**Task brief**: Print the listing below verbatim, passing over each picture.

**Material provided**:
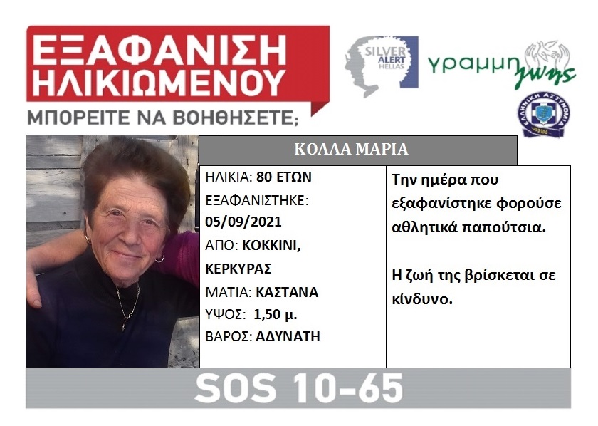Συναγερμός έχει σημάνει στην περιοχή Κοκκίνη στην Κέρκυρα, έπειτα από την εξαφάνιση της 80χρονης Μαρίας Κόλλα στις 5 Σεπτεμβρίου, μόλις 50 μέτρα από το κτήμα της.
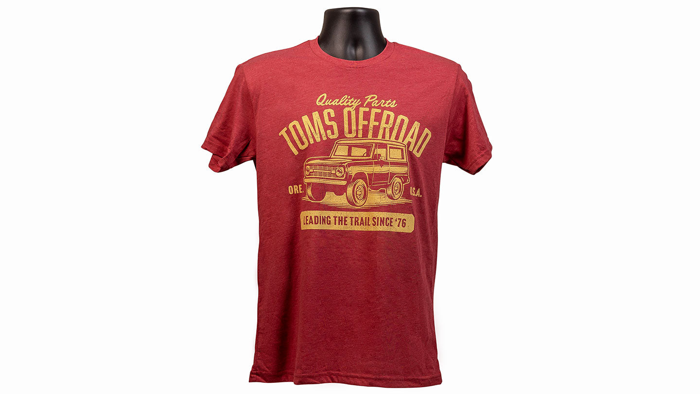 Represent decades of Bronco heritage with the Leading the Trail Since '76 Quality Parts T-Shirt. Featuring a classic garage-inspired design, this cardinal red tee delivers vintage style with a bold nod to TOMS OFFROAD's long-standing commitment to quality Bronco parts and culture.
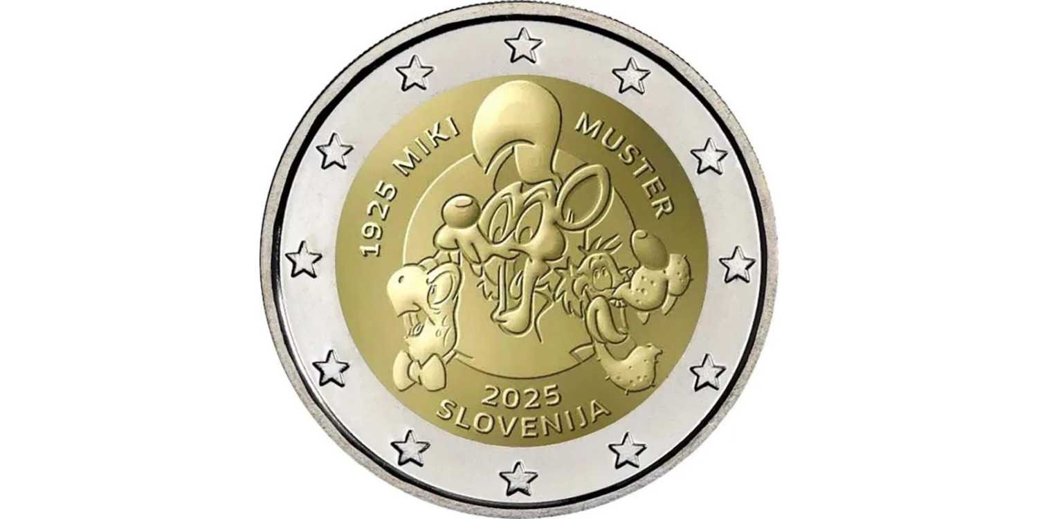 2 euro commemorative 2025 commemorating the 100th birthday of Nikolaj Mustermas known as Miki Muster. Slovenian sculptor, illustrator, cartoonist and animator, pioneer of Slovenian comics and animation. His best known characters were Zvitorepec, Trdonja and Lakotnik, each of them depicted on the coin.
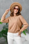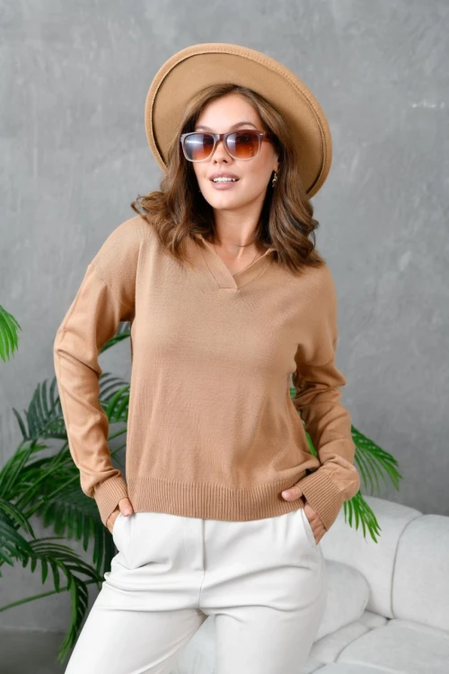 KADIN CAMEL V YAKALI KOL VE BEL LASTİKLİ TEK RENK KAZAK

**Output below**:
Συναγερμός έχει σημάνει στην περιοχή Κοκκίνη στην Κέρκυρα, έπειτα από την εξαφάνιση της 80χρονης Μαρίας Κόλλα στις 5 Σεπτεμβρίου, μόλις 50 μέτρα από το κτήμα της.
 Represent decades of Bronco heritage with the Leading the Trail Since '76 Quality Parts T-Shirt. Featuring a classic garage-inspired design, this cardinal red tee delivers vintage style with a bold nod to TOMS OFFROAD's long-standing commitment to quality Bronco parts and culture.
 2 euro commemorative 2025 commemorating the 100th birthday of Nikolaj Mustermas known as Miki Muster. Slovenian sculptor, illustrator, cartoonist and animator, pioneer of Slovenian comics and animation. His best known characters were Zvitorepec, Trdonja and Lakotnik, each of them depicted on the coin.
 KADIN CAMEL V YAKALI KOL VE BEL LASTİKLİ TEK RENK KAZAK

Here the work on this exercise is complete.